Advertisement

Business

The Recession Economy is Sending the City Back to

Few would have predicted a year ago that Mayor Kenneth E. Reeves '72 would become the leader of a new pro-business city council.

But when one of Cambridge's leading biotech firms, Genzyme Corp., spurned the city in December and opted to build its $75 million headquarters in Allston instead, financial realities forced the city council to act.

Genzyme's announcement, along with the loss of several established Cambridge businesses to the recession, prompted Reeves to steer the council in a new direction. In his inaugural address, Reeves vowed to bury Cambridge's reputation as an anti-business town.

Local pro-business advocates applaud the council's move and say the new attitude is essential to keeping businesses in the city during the recession.

"Since Genzyme was wooed across the river and since the new leadership in the City Council, the attitude of the elected city officials [toward business] has markedly improved," says Robert D. Lewis, executive director of the Chamber of Commerce.

Advertisement

Cambridge officials are also quick to pitch the government's new paradigm. "The city recognizes that the needs of business cannot be ignored," says James P. Maloney, finance director.

The new stance is a pointed reversal for a city with a history of favoring environmental and residential concerns over those of businesses. Indeed, few expected such a shift from a city council that retained its 5-4 Cambridge Civic Association-backed majority in November.

Liberal councillors were often accused of being "anti-business" in their efforts to control growth. Local corporations charged that the council made life difficult for them with their efforts to achieve environmental growths.

Today, Maloney emphasizes that the city takes care to avoid "overly onerous restrictions," He says city government wants the business sector to know that it is listening.

The attentiveness isn't accidental. Cambridge will need approximately $125 million during the next five years to build a new hospital and new schools, Maloney says.

"We can't do it if we don't have a strong thriving economy," he says. "There's only one way to pay for all that: a strong tax base."

And the Chamber of Commerce says the bulk of that money must come from business.

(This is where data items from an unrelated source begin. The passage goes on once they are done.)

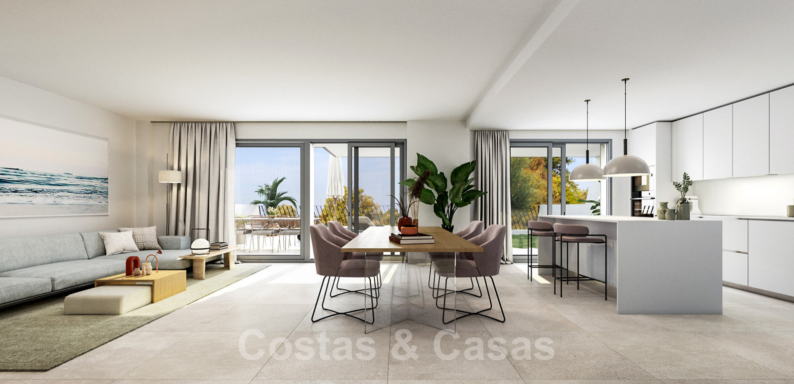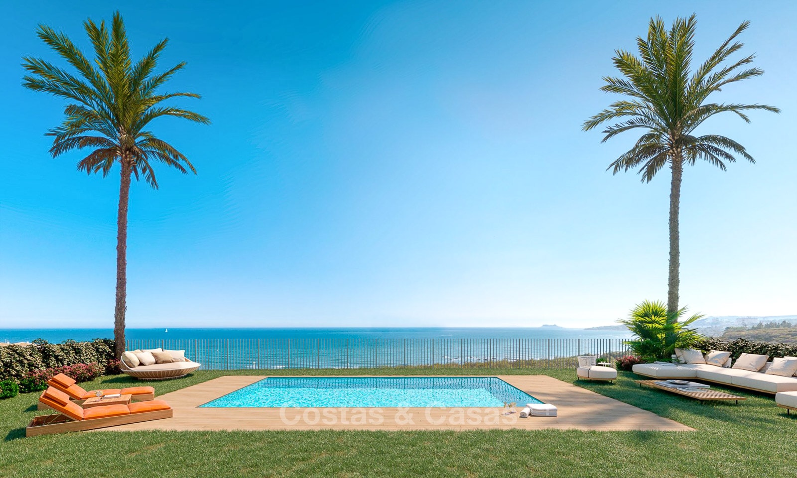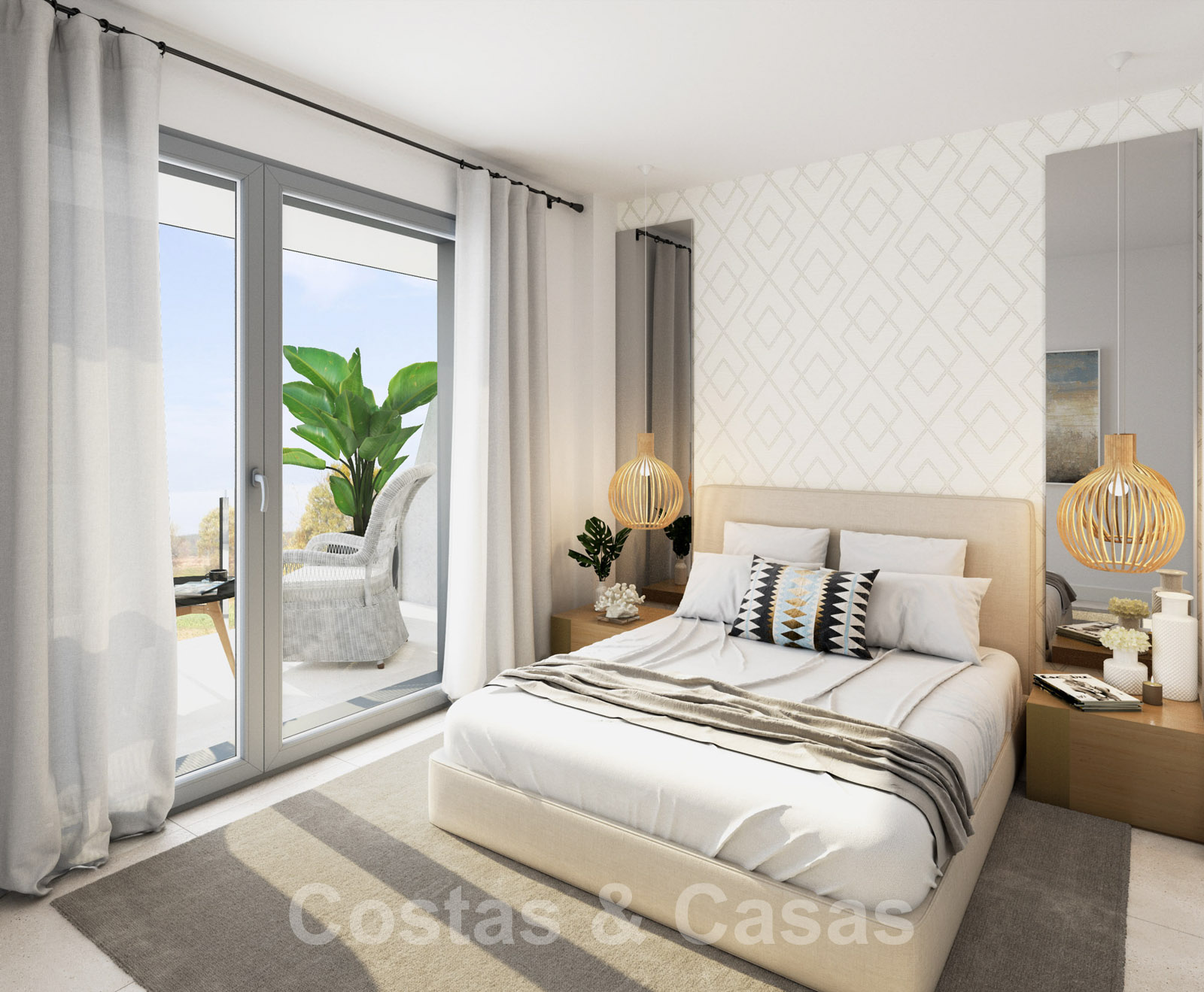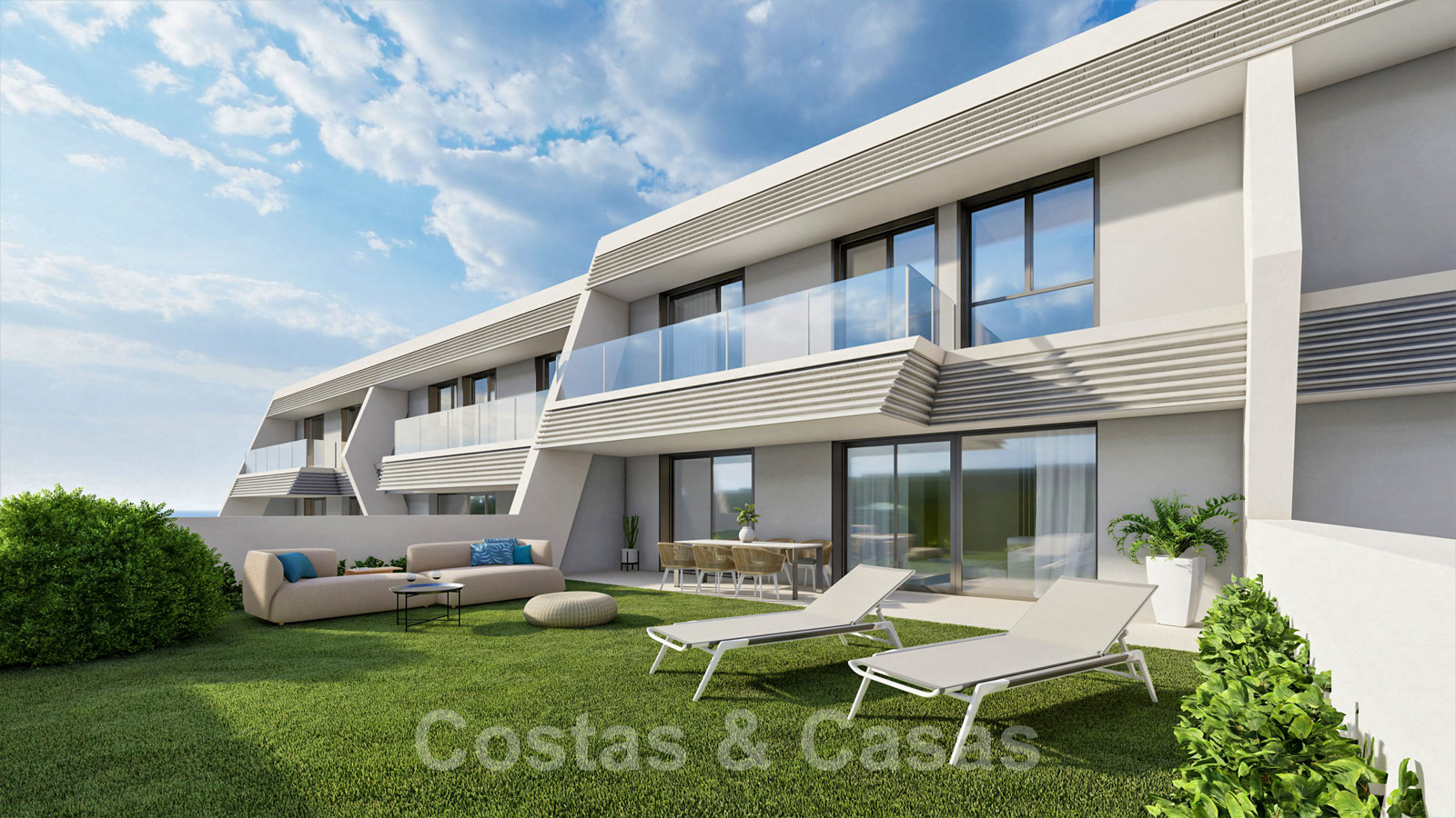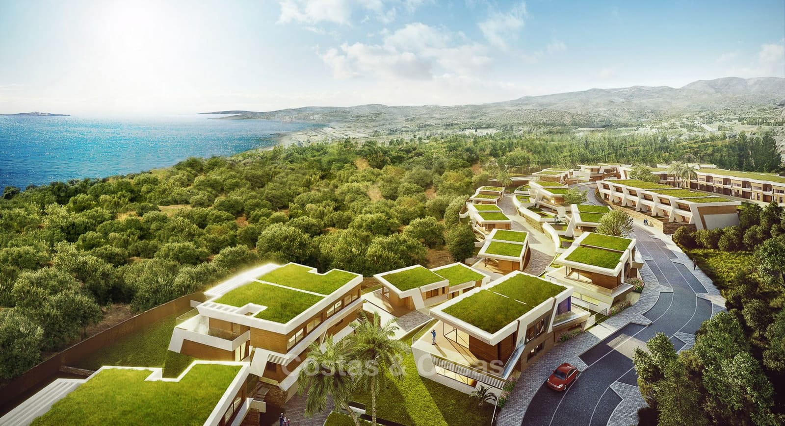 Nouvelles maisons de ville au design d'avant-garde avec vue sur la mer à vendre dans un prestigieux complexe de golf à Mijas Costa
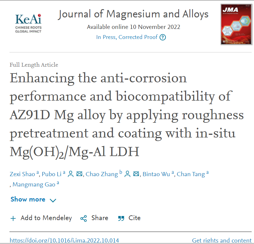 先进工程材料平台李普博副教授、吴斌涛副教授和高忙忙研究员团队在镁合金腐蚀防护和生物相容性能研究领域取得重要进展,工作以“Enhancing the anti-corrosion performance and biocompatibility of AZ91D Mg alloy by applying roughness pretreatment and coating with in-situ Mg(OH)2/Mg-Al LDH”为题发表于镁合金材料国际顶级学术期刊《Journal of Magnesium and Alloys》,影响因子达到11.8。学院2022届硕士研究生邵泽西为第一作者,ebook漫画
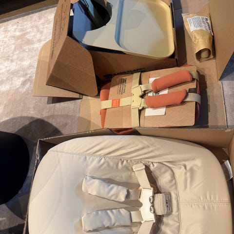 Klapp babysete gjør det mulig å bruke Klapp barnestol helt fra nyfødt. Setet er mykt polstret for komfort og har en justerbar 5-punkts sele som gir barnet sikker støtte under måltider og samvær rundt bordet. Det festes enkelt på alle Klapp-stoler og leveres med Klapp Slippers som sørger for ekstra stabilitet.
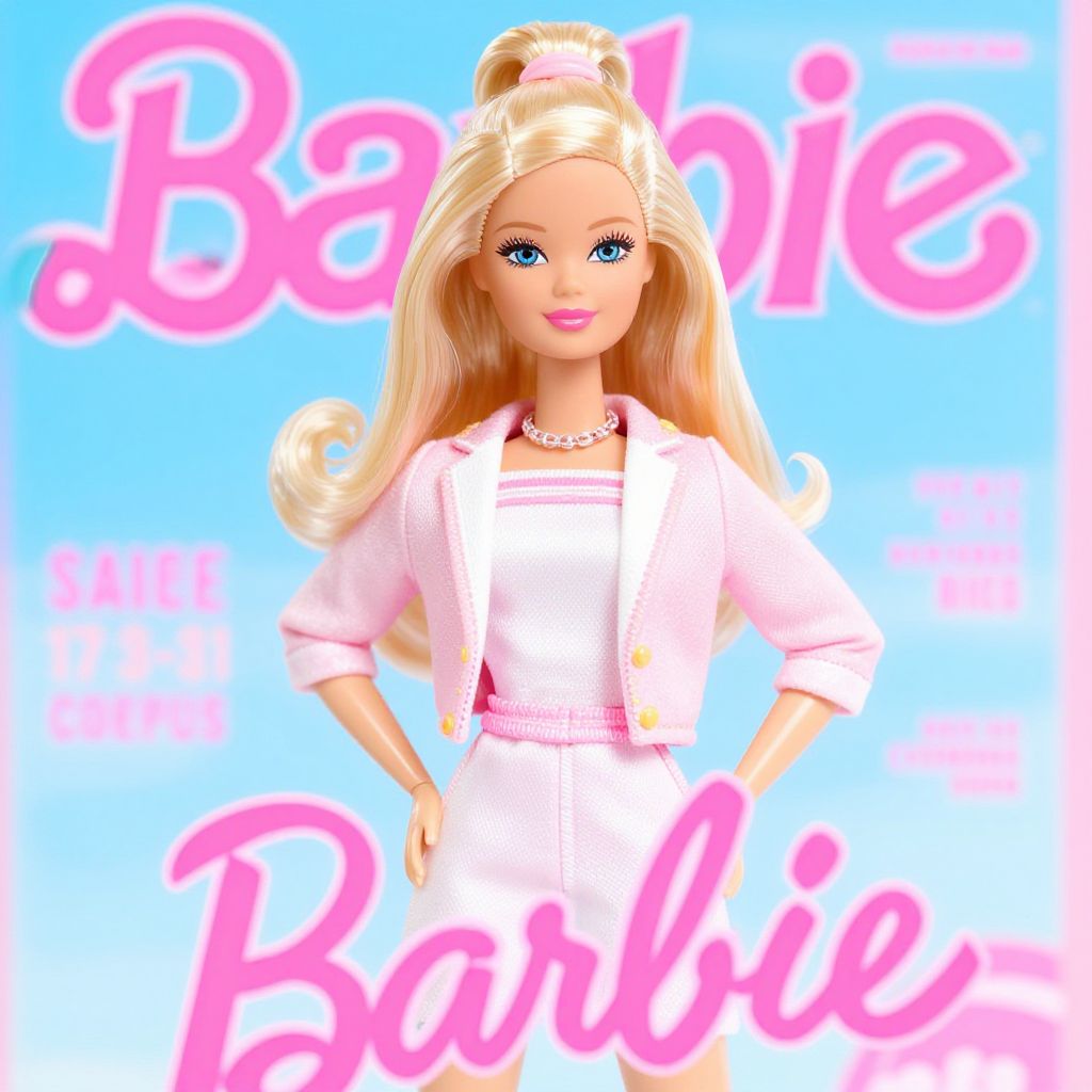 Digital image of blonde Barbie doll with blue eyes, wearing a white jacket and pants, against a bright blue background with "Barbie" in pink,
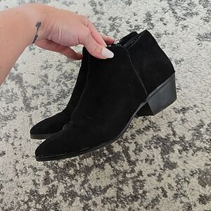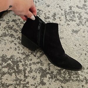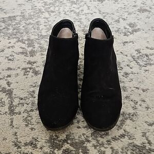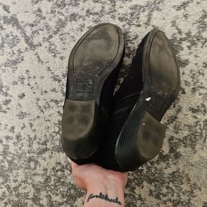 rounded point toe, zipper closure, low heel, super comfy, guc, some wear on heels otherwise good condition, see images for detail
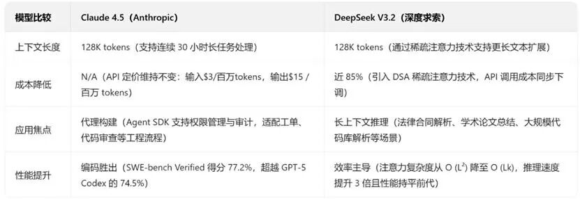 一周之内,Anthropic发布Claude 4.5(Sonnet 4.5),强调长上下文推理和工具集成;同时,,DeepSeek推出V3.2,声称将长上下文计算成本降低超50%。
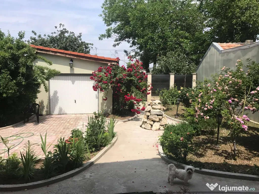 Casa beneficiaza de un sistem de panouri fotovoltaice de 3,5 kw, garaj cu 2 usi de garaj basculante, Hormann,platforma betonata interioara, curte cu flori si arbusti ornamentali, in fata casei.
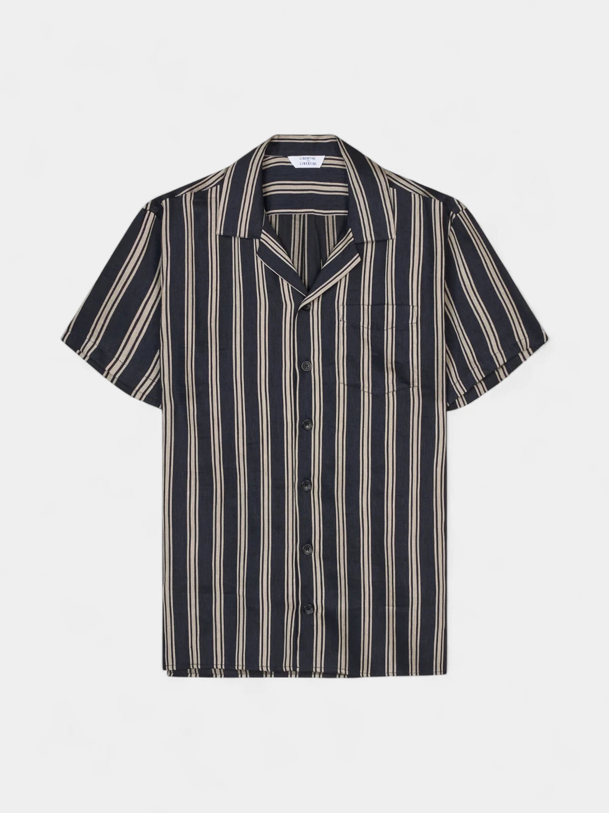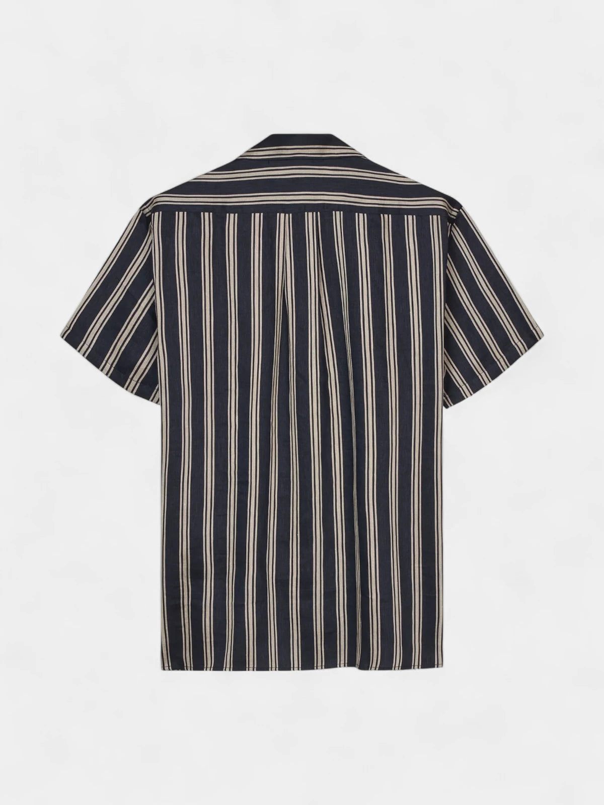 Cave-skjorten fra Libertine-Libertine er en kortærmet skjorte med camp-krave og brystlomme, fremstillet i en let plain weave-vævning. Materialet består af 47% hør, 27% viskose og 26% rayon, hvilket giver skjorten en luftig og behagelig pasform. Den har en normal pasform og er produceret i Portugal.
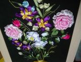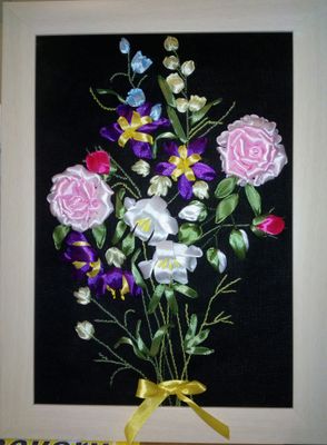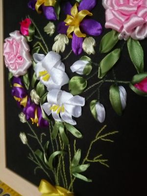 Картина вышита на канве атласными лентами и нитками мулине ,использовала искусственные тычинки,картина в рамке без стекла
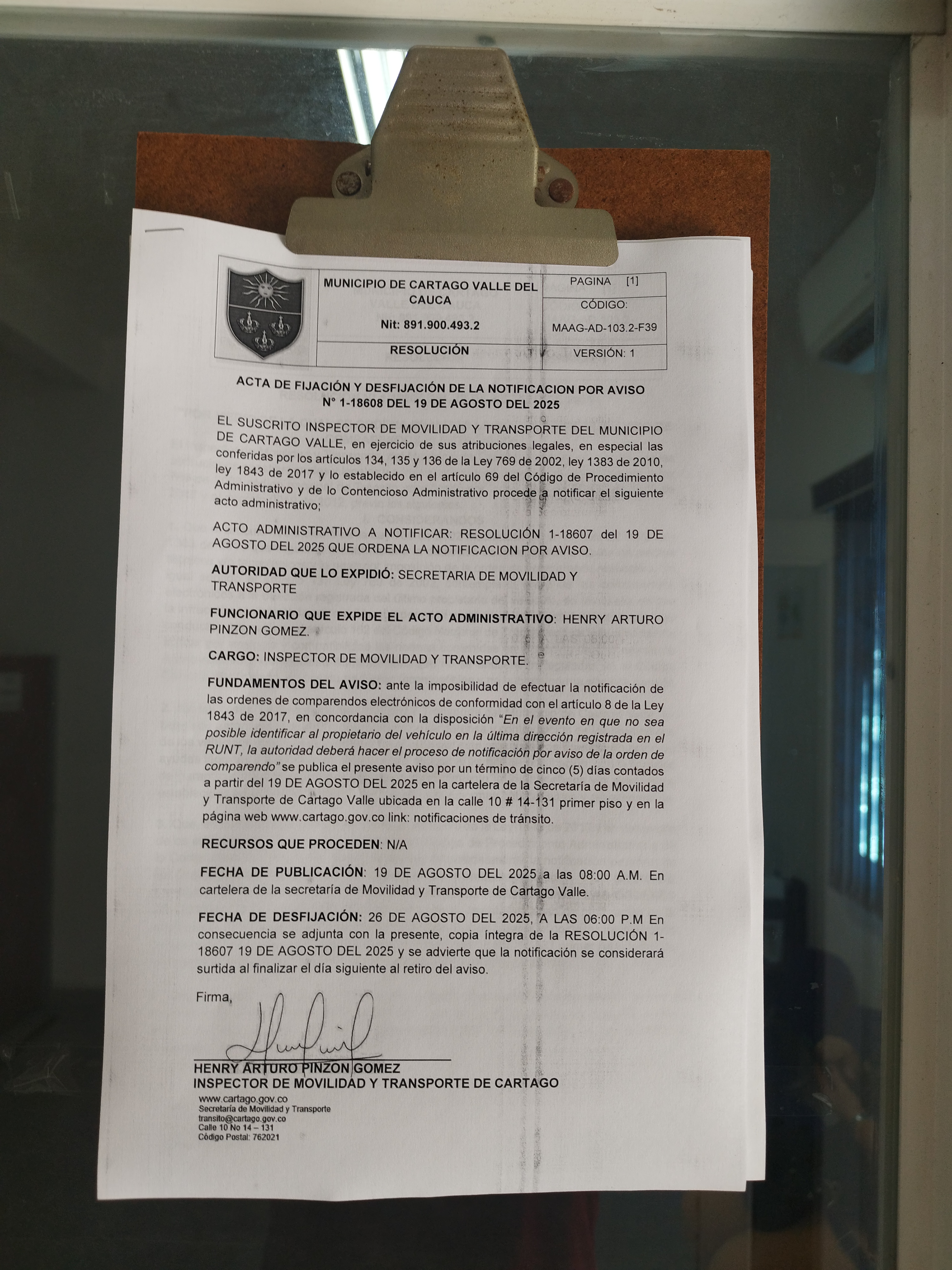 RESOLUCION No. 1-18607 DEL 19 DE AGOSTO DEL 2025 QUE ORDENA LA NOTIFICACION POR AVISO
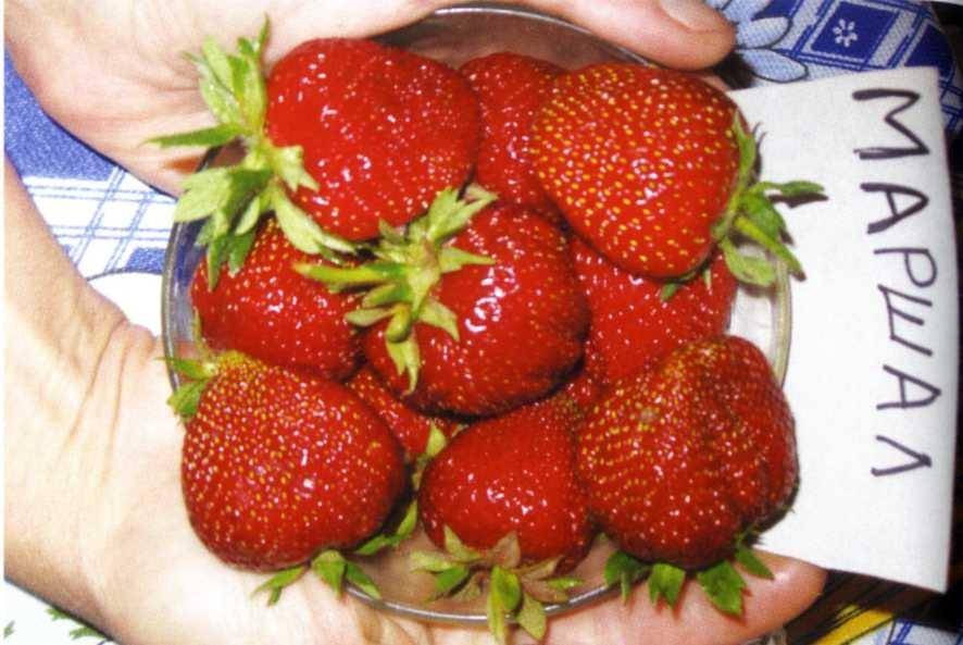 Клубника «Маршал» формирует крупные ягоды ярко-красного цвета. Поверхность ягоды очень привлекательная, с выраженным блеском. Средний вес товарной ягоды может составлять 45−65 г и более. Для полностью вызревшей ягоды характерна конусовидная форма. Спелая мякоть имеет умеренную плотность и сладкий, с незначительной кислинкой вкус.
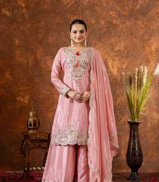 | Product Name | Peach Colour Chinnon Silk Embroidery Work Fully Stitched Plazo Suit | |
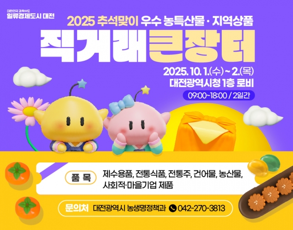 임성복 대전시 농생명정책과장은 “이번 직거래 장터는 시민들에게는 알뜰한 쇼핑 기회를, 농가에는 안정적인 판로를 제공해 모두에게 특별한 추억이 될 것”이라며 “신선하고 품질 좋은 상품으로 시민들이 풍성한 한가위를 보내길 바란다”고 말했다.

According to Lewis, more than half of the city's land is tax exempt. That means Cambridge gets twothirds of its tax income from the business community.

With key biotech firms threatening to leave and the amount of office space in Central Square climbing toward 150,000 sq. feet, Lewis says the city recognizes the pressing need to retain both big and small businesses.

The pressure to cushion the impact of the recession was highlighted as some of the city's oldest businesses went under. Harvard square's J.F. Olsson's, which survived the Great Depression, closed its doors this February after 107 years.